Setting --privileged=true enables privileged mode, granting the container full access to hardware management devices (such as /dev/davinci_manager). This resolves driver initialization failures in multi-container scenarios caused by permission restrictions, ensuring NPU resources can be reused across containers.

Note: Without this parameter, subsequent containers may fail to access devices due to insufficient permissions after the first container occupies them. Given the broad permissions of privileged mode, evaluate security risks carefully before using it in production.

3. Enter Container¶

docker exec -it llama_factory_npu bash

Note

Mount specified NPU cards using --device /dev/davinci<N> (supports 0–7). Device numbers inside the container are automatically remapped (e.g., physical machine davinci6 -> container device 0).

After entering the container, you can start training with llamafactory-cli train. If the current shell has not loaded the Ascend environment variables, run source /usr/local/Ascend/ascend-toolkit/set_env.sh first.

Method 3: Docker Local Build¶

Note

Ensure the host has installed firmware and drivers.

LLaMA-Factory provides two build methods: 1. Build Using Docker Build and 2. Build Using Docker Compose.
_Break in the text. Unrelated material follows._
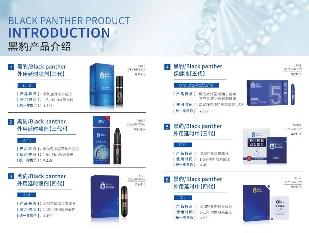 黑豹品牌创立18年以来,一直专注于成人两性健康产品的研发、生产及销售,旗下产品覆盖延时喷剂、延时湿巾、润滑液、安全套等男女私护健康产品。凭借着优良的产品体验和服务理念,多年来在业内赢得诸多良好信誉。

1. Build Using Docker Build¶

Build image — execute at the project root:

# Ascend-A2
docker build -f ./docker/docker-npu/Dockerfile --build-arg INSTALL_DEEPSPEED=false --build-arg PIP_INDEX=https://pypi.org/simple -t llamafactory:latest .

# Ascend-A3
docker build -f ./docker/docker-npu/Dockerfile --build-arg BASE_IMAGE=quay.io/ascend/cann:9.0.0-a3-ubuntu22.04-py3.11 --build-arg INSTALL_DEEPSPEED=false --build-arg PIP_INDEX=https://pypi.org/simple -t llamafactory:latest .

Note

Modify the BASE_IMAGE parameter to specify other CANN versions (see ascend/cann).

Start container

CONTAINER_NAME=llama_factory_npu
DOCKER_IMAGE=llamafactory:latest
docker run -itd \
    --cap-add=SYS_PTRACE \
    --net=host \
    --device=/dev/davinci0 \
    --device=/dev/davinci1 \
    --device=/dev/davinci2 \
    --device=/dev/davinci3 \
    --device=/dev/davinci4 \
    --device=/dev/davinci5 \
    --device=/dev/davinci6 \
    --device=/dev/davinci7 \
    --device=/dev/davinci_manager \
    --device=/dev/devmm_svm \
    --device=/dev/hisi_hdc \
    --shm-size=1200g \
    -v /usr/local/sbin/npu-smi:/usr/local/sbin/npu-smi \
    -v /usr/local/dcmi:/usr/local/dcmi \
    -v /etc/ascend_install.info:/etc/ascend_install.info \
    -v /sys/fs/cgroup:/sys/fs/cgroup:ro \
    -v /usr/local/Ascend/driver:/usr/local/Ascend/driver \
    -v /data:/data \
    --name "$CONTAINER_NAME" \
    "$DOCKER_IMAGE" \
    /bin/bash

Note

Enter container
```
docker exec -it llama_factory_npu bash
```

2. Build Using Docker Compose¶

Enter directory

cd docker/docker-npu

Build image and start container directly — choose commands based on device model:

# Ascend-A2
docker-compose up -d

# Ascend-A3
docker-compose --profile a3 up -d llamafactory-a3

Enter container

docker exec -it llamafactory-a2 bash

Note

Before building, check the devices list in docker-compose.yml. Currently only card 0 is mounted during build; modify as needed.